The mystery in the novel is made confusing and interesting by the way the novel is told. Richard Shenstone is a complex and difficult narrator who has been rusticated fron Cambridge University because he was instrumental in the death of a fellow student. He is a smoker of opium, seducer (if that's the right word) of a young servant and so, to begin with, I was drawn to the belief that he was untrustworthy in his telling of the story. The events he describes are unpleasant, sordid and cover the breakdown into poverty of Richard's family, the death of his father and abusive threats to various people and livestock around the place he lives. So far so good. In the last quarter or so of the novel, Richard changes after he stops using opium and begins to realise that there is a plot to incriminate him of composing the threatening letters and, even, of murder.
I thought the novel began to weaken towards the end and the story began to unravel a bit. Palliser manages to create a believable set of characters but seems to have allowed the ending of the narrative to fizzle out a little. I didn't think the ending was what the beginning promised. Shame that because otherwise Palliser writes well.

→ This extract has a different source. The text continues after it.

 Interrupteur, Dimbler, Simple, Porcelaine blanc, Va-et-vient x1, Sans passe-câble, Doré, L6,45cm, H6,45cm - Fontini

I'm flummoxed by this. I've been waiting a long time (10 years) for more novels from . This has so been worth the wait and the anticipation was completely rewarded. First of all the physicality of this edition - it's an over-sized paperback so feels quite substantial. The pages are a thick, creamy, gorgeous smelling creation. The text format is magnificently worked as a recently discovered journal. I love this kind of novel as I think epistolary/journalistic writings heighten the realism, they do for me anyway. I was completely drawn in from the first sentence. The characters are very realistic and flawed individuals, there are few likeable characters. The story is told through the eyes of a young man returned shamefully from Cambridge under a cloud of his own scandals to find his mother and Sister are struggling with their own. The story is released slowly and tantalisingly over the course of a few weeks. The narrator, Richard is completely unreliable and shown to be a devious, manipulative liar who has an opium habit. I really don't want to say anymore as I do not wish to ruin it for new readers. This is my favourite book of the year so far.

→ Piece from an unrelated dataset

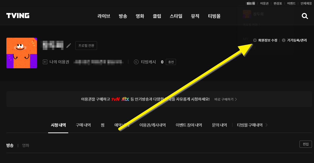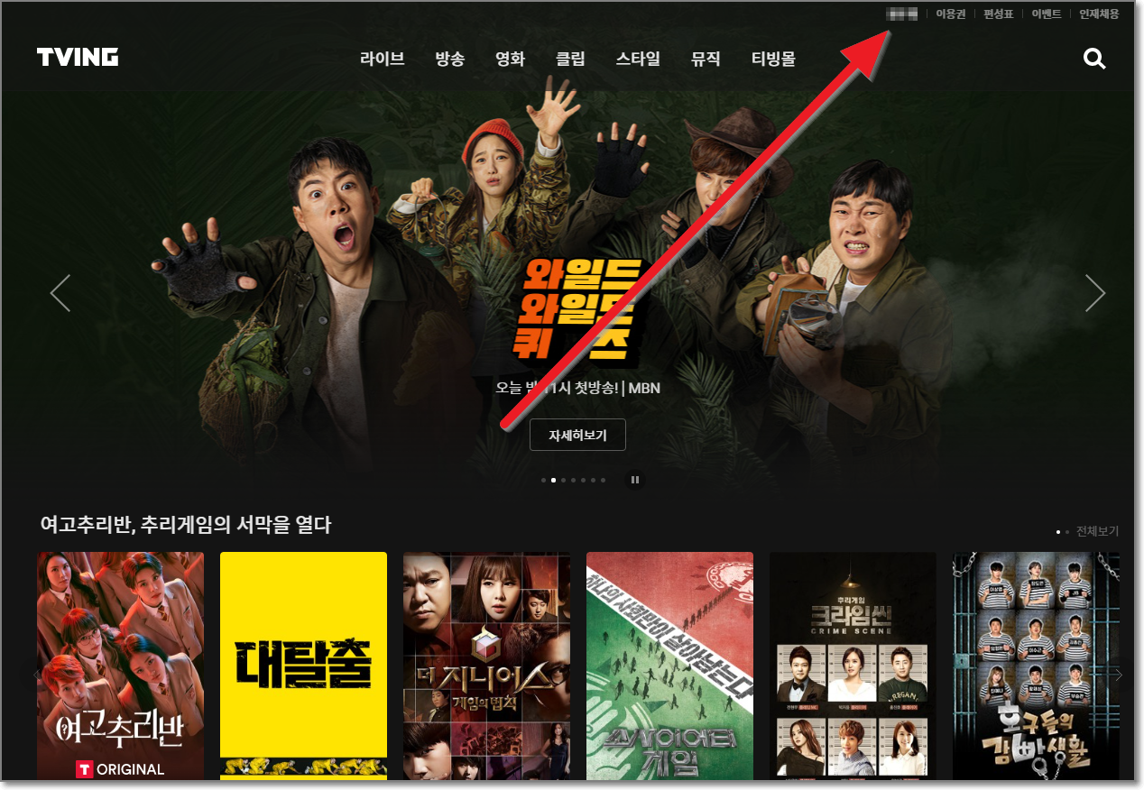 우선 티빙홈페이지 바로가기로 새창을 열고 로그인을 하고나면 아래처럼 자신의 이름을 누릅니다.

One of those potato chip type books--not very good, but crunchy, salty, and hard to stop eating, I mean reading. But despite the intriguing start, it is confused, and (it almost goes without saying) a big ol' letdown at the end. Yet Palliser writes very well and he certainly knows how to conjure up paranoia, and a dark nasty 19th century gothic atmosphere. I wish this book had been a little more meaty. I wish the narrator was more sympathetic and thoughtful. All he does is whine and not understand what is going on. Oh, and take opium.
I wish that all writers would understand that unattractive characters can be quite compelling, and that readers will be happy to make the journey of the novel with a less than perfect character. BUT, truly tedious, shallow, and whiney characters grate on the nerves after a very few pages. I can't stand people like that in my life, so why would I endure chapter after chapter of a wanker like the dude in this story? The guy is a real drag but I had to put up with him so I could find out what the mystery was all about.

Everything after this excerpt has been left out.